_Exercise directions:_
From first line to last, print the records exactly, but leave out the pictures.

======== The data

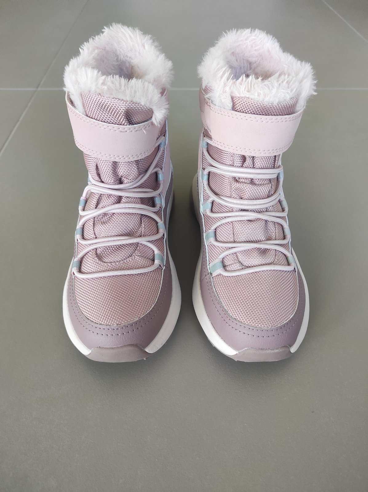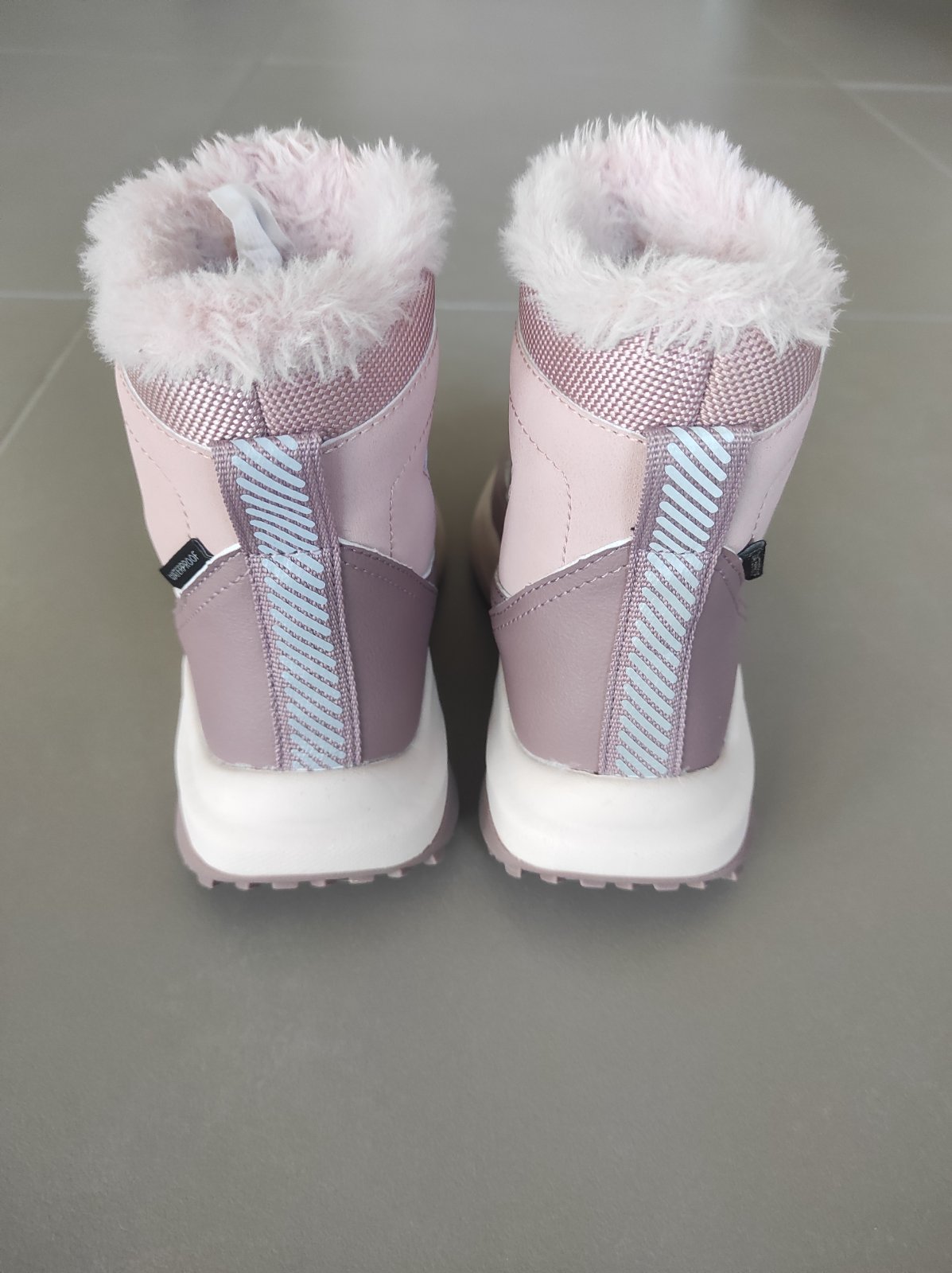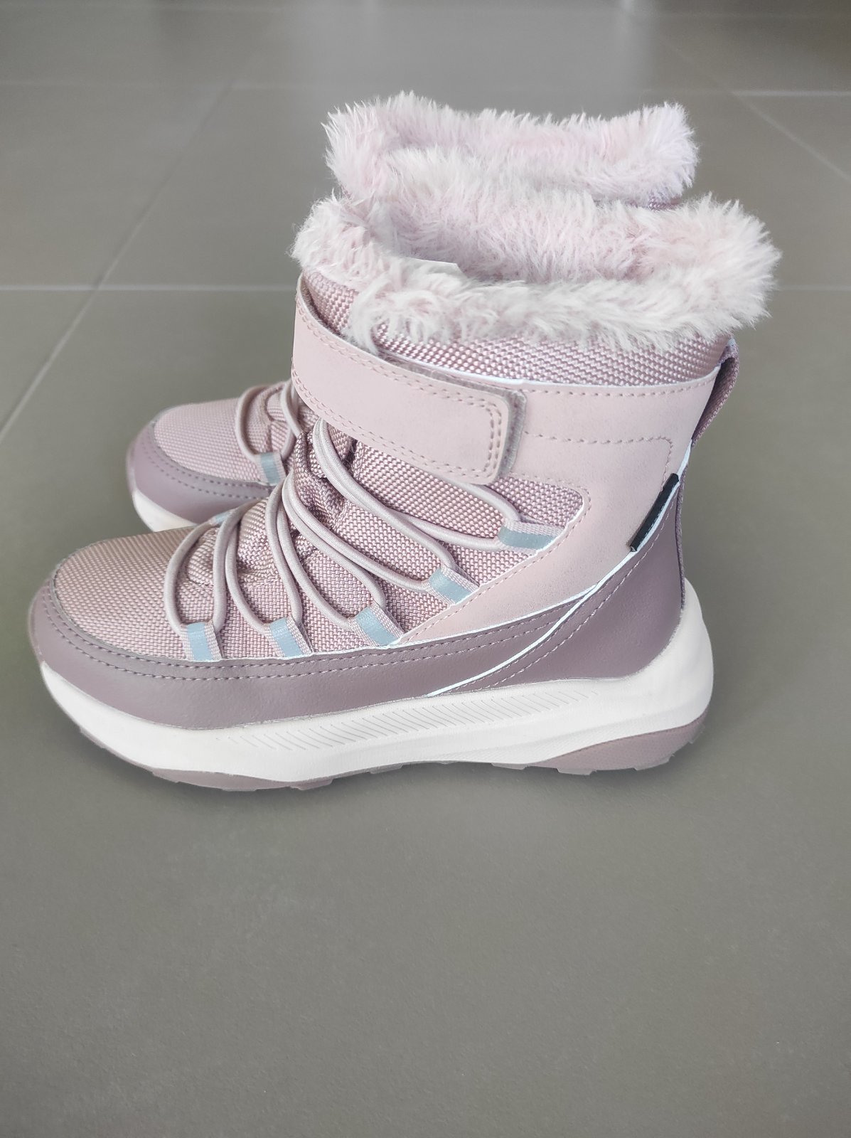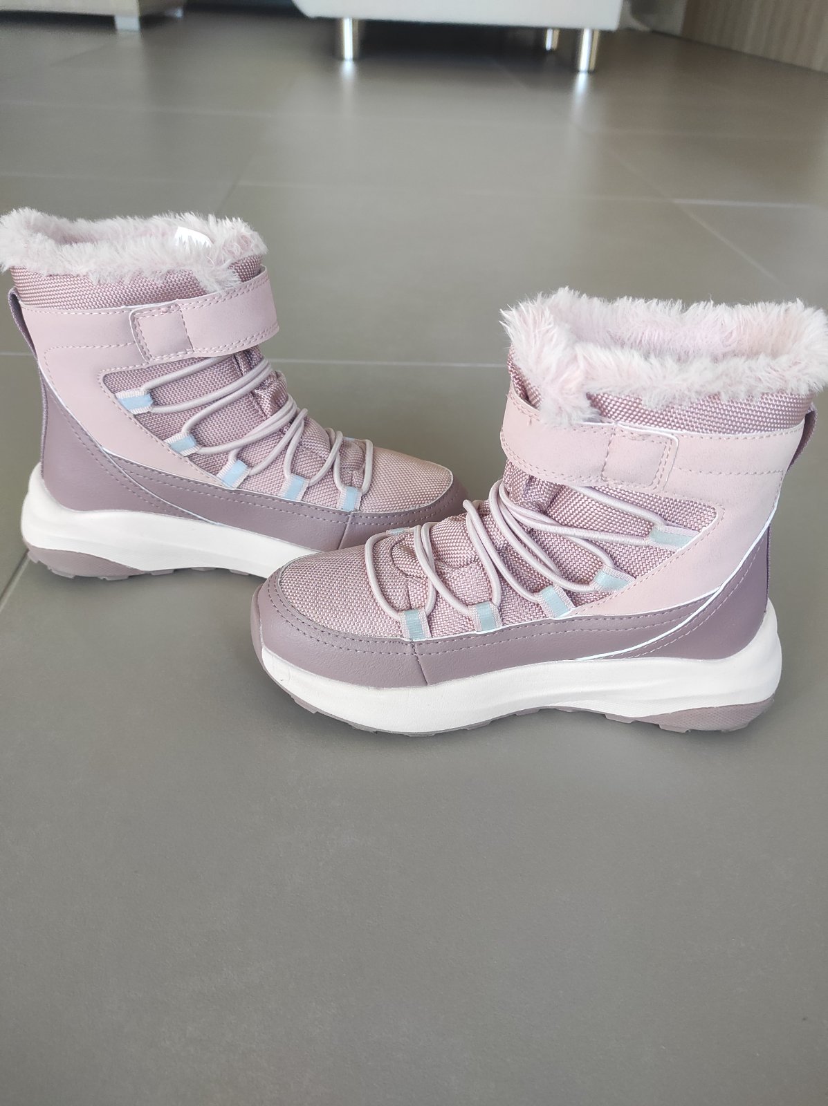 Nase oblubene topanky, mame ich kazdy rok:) zapinanie na suchy zips, waterproof, vnutorna dlzka 19,5cm. Na lavej topanke je odreta spicka ale noc hrozne a urcite este posluzia na šantenie vonku
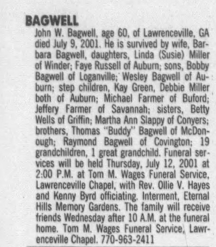 John Wesley Bagwell was born on 12 January 1941 in Snellville, Gwinnett, Georgia.1 He was the son of Forrest Buren Bagwell and Nellie Mae Hayes. John Wesley Bagwell married Barbara Ann Stephens after 1957. John Wesley Bagwell died on 9 July 2001 in Lawrenceville, Georgia, at age 60. He was buried on 11 July 2001 at Eternal Hills Cemetery, Snellville, Gwinnett County, Georgia.
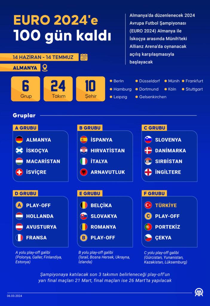 A Milli Futbol Takımı EURO 2024 F grubunda Portekiz, C yolu play-off galibi (Gürcistan, Yunanistan, Kazakistan, Lüksemburg) ve Çekya ile mücadele edecek. Ay-yıldızlılar ilk maçında C yolu play-off galibiyle 18 Haziran Salı günü Dortmund’da karşılaşacak. Play-off’taki Gürcistan-Lüksemburg ve Yunanistan-Kazakistan eşleşmelerinin ardından finali kazanacak takım, Türkiye’nin rakibi olacak. Milli takım, gruptaki ikinci maçını 22 Haziran Cumartesi günü Portekiz ile Dortmund’da, üçüncü karşılaşmasını ise 26 Haziran Çarşamba günü Çekya ile Hamburg’da oynayacak.
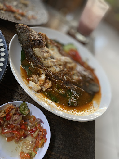 Ikan sama sekali tidak ada rasa nya . Bumbu siram dari atas. Ikan nya belum matang full.
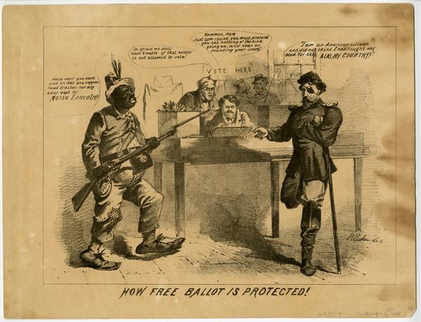 prevents a disabled white Union soldier from voting for McClellan. In the left, the African American man holds a bayoneted

================

_Answer section:_
 Nase oblubene topanky, mame ich kazdy rok:) zapinanie na suchy zips, waterproof, vnutorna dlzka 19,5cm. Na lavej topanke je odreta spicka ale noc hrozne a urcite este posluzia na šantenie vonku
 John Wesley Bagwell was born on 12 January 1941 in Snellville, Gwinnett, Georgia.1 He was the son of Forrest Buren Bagwell and Nellie Mae Hayes. John Wesley Bagwell married Barbara Ann Stephens after 1957. John Wesley Bagwell died on 9 July 2001 in Lawrenceville, Georgia, at age 60. He was buried on 11 July 2001 at Eternal Hills Cemetery, Snellville, Gwinnett County, Georgia.
 A Milli Futbol Takımı EURO 2024 F grubunda Portekiz, C yolu play-off galibi (Gürcistan, Yunanistan, Kazakistan, Lüksemburg) ve Çekya ile mücadele edecek. Ay-yıldızlılar ilk maçında C yolu play-off galibiyle 18 Haziran Salı günü Dortmund’da karşılaşacak. Play-off’taki Gürcistan-Lüksemburg ve Yunanistan-Kazakistan eşleşmelerinin ardından finali kazanacak takım, Türkiye’nin rakibi olacak. Milli takım, gruptaki ikinci maçını 22 Haziran Cumartesi günü Portekiz ile Dortmund’da, üçüncü karşılaşmasını ise 26 Haziran Çarşamba günü Çekya ile Hamburg’da oynayacak.
 Ikan sama sekali tidak ada rasa nya . Bumbu siram dari atas. Ikan nya belum matang full.
 prevents a disabled white Union soldier from voting for McClellan. In the left, the African American man holds a bayoneted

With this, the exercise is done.